Multiple Choice Questions and Answer

Answer each question by selecting the proper alternative from those given below each question to make the statement true:

Question 1.
Area of a parallelogram = ………………….
A. \(\frac{1}{2}\) × base × corresponding altitude
B. \(\frac{1}{2}\) × the product of diagonals
C. base × corresponding altitude
D. \(\frac{1}{2}\) × the product of adjacent sides.
Answer:
C. base × corresponding altitude

Question 2.
Area of a triangle = ……………………
A. base × corresponding altitude
B. base + corresponding altitude
C. \(\frac{1}{2}\) × base × corresponding altitude
D. 2 × base × corresponding altitude
Answer:
C. \(\frac{1}{2}\) × base × corresponding altitude

Question 3.
ABCD is a rectangle. If AB = 10 cm and ar (ABCD) = 150 cm², then BC = ………………….. cm.
A. 7.5
B. 15
C. 30
D. 12
Answer:
B. 15

Question 4.
ABCD is a square. If ar (ABCD) = 36 cm², then AB = ………………… cm.
A. 18
B. 9
C. 6
D. 12
Answer:
C. 6

Question 5.
In ∆ ABC, BC = 10 cm and the length of altitude AD is 5 cm. Then, ar (ABC) = …………………. cm².
A. 50
B. 100
C. 25
D. 15
Answer:
C. 25

Question 6.
In ∆ ABC, AD is an altitude.
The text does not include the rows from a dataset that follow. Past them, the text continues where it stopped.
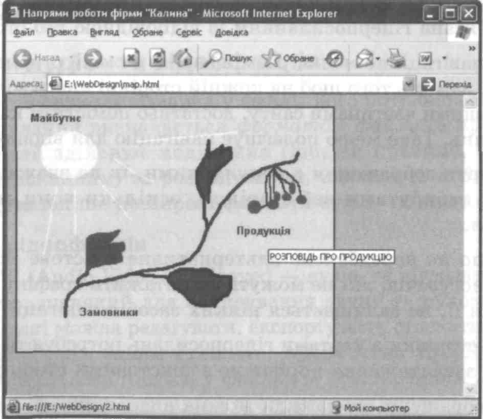 Якщо розмістити його між тегами <IMG> та <МАР>, то на веб-сторінці під картою посилань відобразиться напис «Виберіть на малюнку напрям роботи фірми». Провівши мишею над малюн-ком, можна виявити, що над гарячими областями вказівник миші змінює свій вигляд, як над звичайними посиланнями. Якщо ж зупинити його над гарячою областю, побачите спливаючий на-пис — результат дії атрибута ALT у тегу <AREA>.
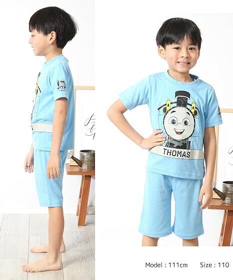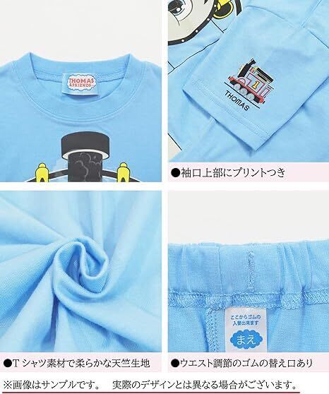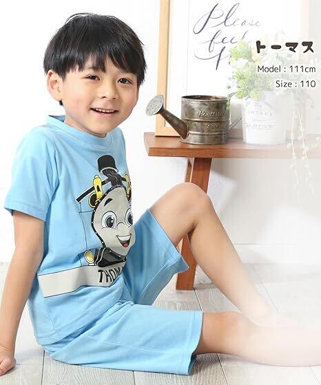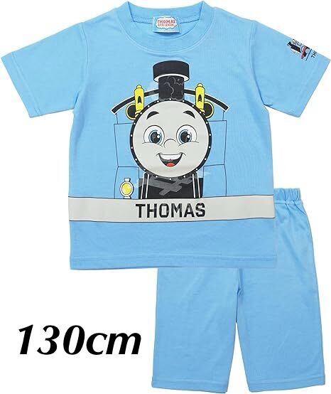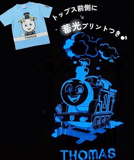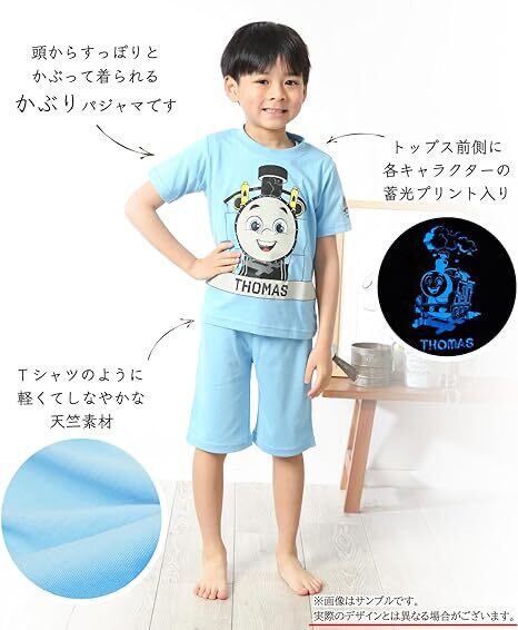 新品62886 きかんしゃトーマス 130cm 光るパジャマ 天竺 半袖半ズボン上下セット ブルー キッズ ルームウェア 蓄光パジャマ
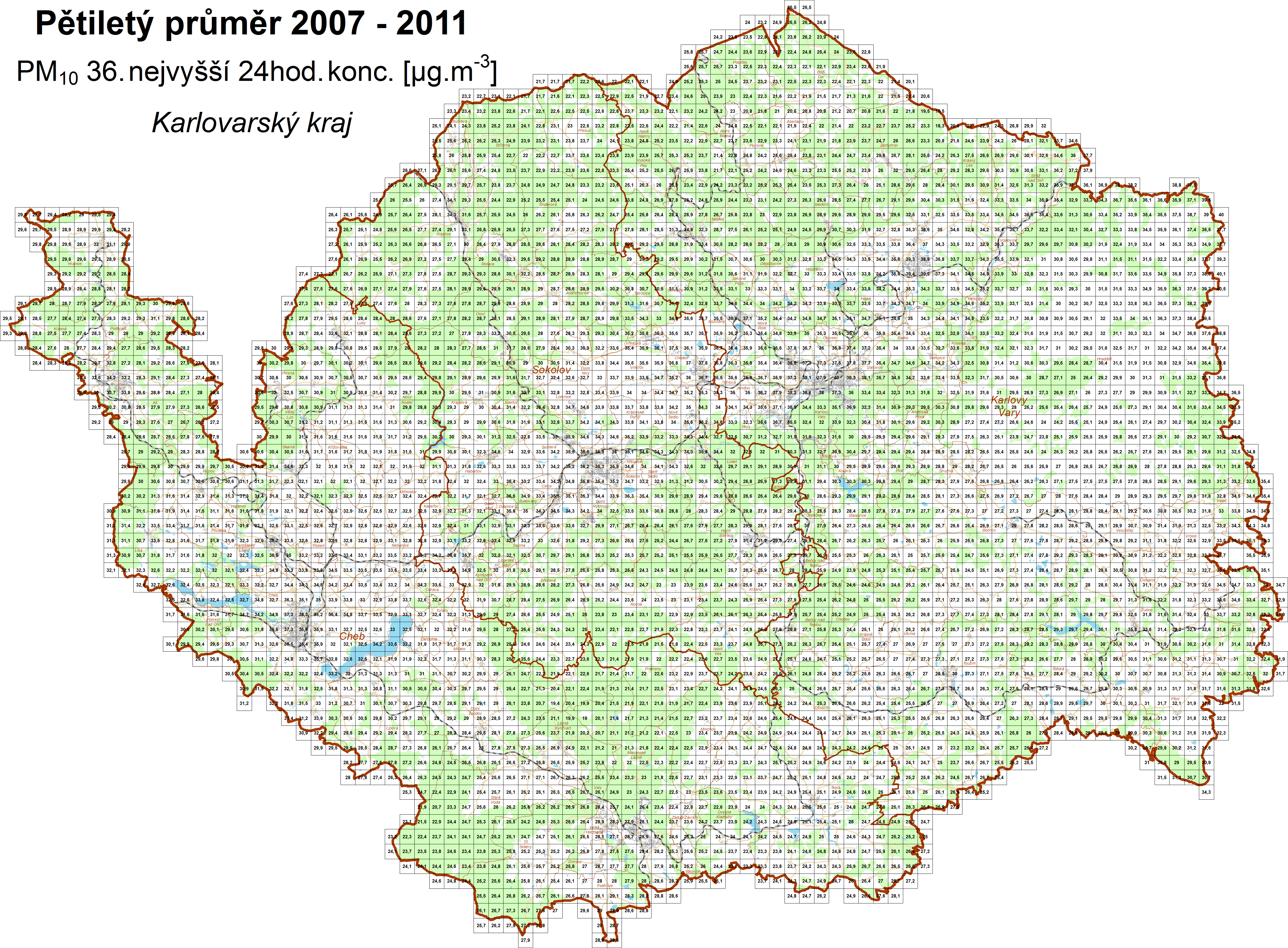 | PM10 - m36 | částice PM10, 36. max. 24hod. průměr |

If BC = 8 cm and ar (ABC) = 40 cm², then AD = …………………. cm.
A. 5
B. 10
C. 15
D. 20
Answer:
B. 10

Question 7.
In ∆ PQR, QM is an altitude and PR is the hypotenuse. If PR = 12 cm and QM = 6 cm, then ar (PQR) = ……………………. cm².
A. 18
B. 72
C. 36
D. 24
Answer:
C. 36

Question 8.
In ∆ XYZ, XZ is the hypotenuse. If XY = 8cm and YZ = 12 cm, then ar (XYZ) = ……………….. cm².
A. 20
B. 40
C. 96
D. 48
Answer:
D. 48

Question 9.
In parallelogram ABCD, AM is an altitude corresponding to base BC. If BC = 8 cm and AM = 6 cm, then ar (ABCD) = …………………. cm².
A. 48
B. 24
C. 12
D. 96
Answer:
A. 48

Question 10.
In parallelogram PQRS, QR = 10 cm and ar (PQRS) = 120 cm². Then, the length of altitude PM corresponding to base QR is ……………………… cm.
A. 6
B. 12
C. 18
D. 24
Answer:
B. 12

Question 11.
For parallelogram ABCD, ar (ABCD) = 48 cm².
Then, ar (ABC) = …………………….. cm².
A. 96
B. 48
C. 24
D. 12
Answer:
C. 24

Question 12.
ABCD is a rhombus. If AC = 6 cm and BD = 9 cm, then ar (ABCD) = ………………….. cm².
A. 15
B. 7.5
C. 54
D. 27
Answer:
D. 27

Question 13.
PQRS is a rhombus. If ar (PQRS) = 40 cm² and PR = 8 cm, then QS = ………………….. cm.
A. 20
B. 10
C. 25
D. 40
Answer:
B. 10

Question 14.
In ∆ PQR, ∠Q = 90°, PQ = 5 cm and PR = 13 cm.
Then, ar (PQR) = …………………….. cm².
A. 15
B. 30
C. 45
D. 60
Answer:
B. 30

Question 15.
In ∆ ABC, P Q and R are the midpoints of AB, BC and CA respectively. If ar (ABC) = 32 cm²,
then ar (PQR) = ………………………. cm².
A. 128
B. 16
C. 8
D. 64
Answer:
C. 8

Question 16.
In ∆ ABC, P, Q and R are the midpoints of AB, BC and CA respectively. If ar (ABC) = 32 cm², then ar (PBCR) = ………………….. cm².
A. 10
B. 20
C. 30
D. 40
Answer:
C. 30

Question 17.
In ∆ ABC, P, Q and R are the midpoints of AB, BC and CA respectively. If ar (PBQR) = 36 cm², then ar (ABC) = ……………………….. cm².
A. 18
B. 36
C. 54
D. 72
Answer:
D. 72

Punjab State Board PSEB 9th Class Maths Book Solutions Chapter 9 Areas of Parallelograms and Triangles Ex 9.4 Textbook Exercise Questions and Answers.

PSEB Solutions for Class 9 Maths Chapter 9 Areas of Parallelograms and Triangles Ex 9.4

Question 1.
Parallelogram ABCD and rectangle ABEF are on the, same base AB and have equal areas. Show that the perimeter of the parallelogram is greater than that of the rectangle.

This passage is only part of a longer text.